Because K2.7-Code shares its architecture with Kimi K2.5 and K2.6, existing deployment setups carry over. The recommended inference engines are vLLM, SGLang, and KTransformers, with a transformers requirement of >=4.57.1 and <5.0.0. For teams that would rather not host it, Moonshot offers a hosted API on its platform with OpenAI- and Anthropic-compatible endpoints, which lowers the switching cost for anyone already wired into those SDKs. Recommended sampling for thinking mode is a temperature of 1.0 and top_p of 0.95, and instant (non-thinking) mode is not offered.

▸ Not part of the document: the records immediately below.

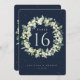 Una carta numero de la mesa de la boda de invierno de doble cara de la marina oscura con bayas de nieve pintadas a mano y eucalipto dispuestos en una hermosa corona botánica. Todo el texto es completamente editable. Otros diseños, productos de números de tabla y artículos de coordinación están disponibles en mi tienda.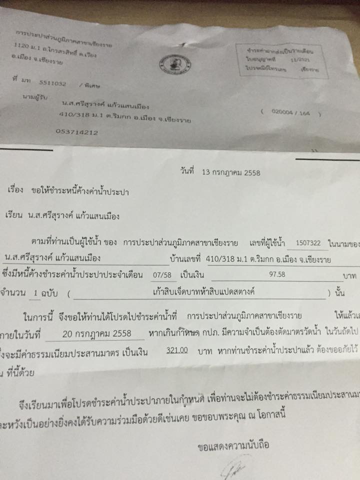 แจ้งว่า ค้าง ชำระค่า น้ำปะปา ระบุวันที่ 13 กรกฎาคม 2558
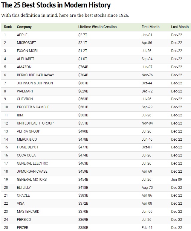 Списокот исто така покажува како моделите на создавање богатство се менувале со текот на времето. Додека главните производи за енергија и потрошувачи се почести меѓу постарите компании во рангирањето, акциите што создадоа огромни богатства во последниве години се технолошките или финансиските компании.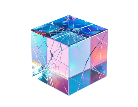 Iridescent Glass Cube with Neon Edges and Interior Space

Moonshot recommends pairing the model with its own Kimi Code CLI as the agent framework, which tells you where the company expects this to be used: inside a coding agent loop, not a chat window.

Why it matters

The interesting story here is not a single benchmark number, it is the direction of the open-weights coding field. A trillion-parameter MoE model with a 256K context, forced persistent reasoning, and native INT4 quantization, released under a permissive license, is a credible alternative to closed frontier APIs for teams that want to run their coding agents on infrastructure they control. The token-efficiency gain matters more than it sounds, because long-horizon agents fail and overspend in the same place: they think too much and lose track of what they already decided. Cutting reasoning tokens by 30% while improving task completion attacks both problems at once.

Whether K2.7-Code earns a place in real engineering workflows will come down to behavior on private codebases rather than published tests. But Moonshot has put out a model that is specific about what it is for, transparent about where it still trails GPT-5.5 and Claude Opus 4.8, and open enough to actually evaluate. That combination is rarer than another record-breaking score, and it gives the rest of the field something concrete to measure against.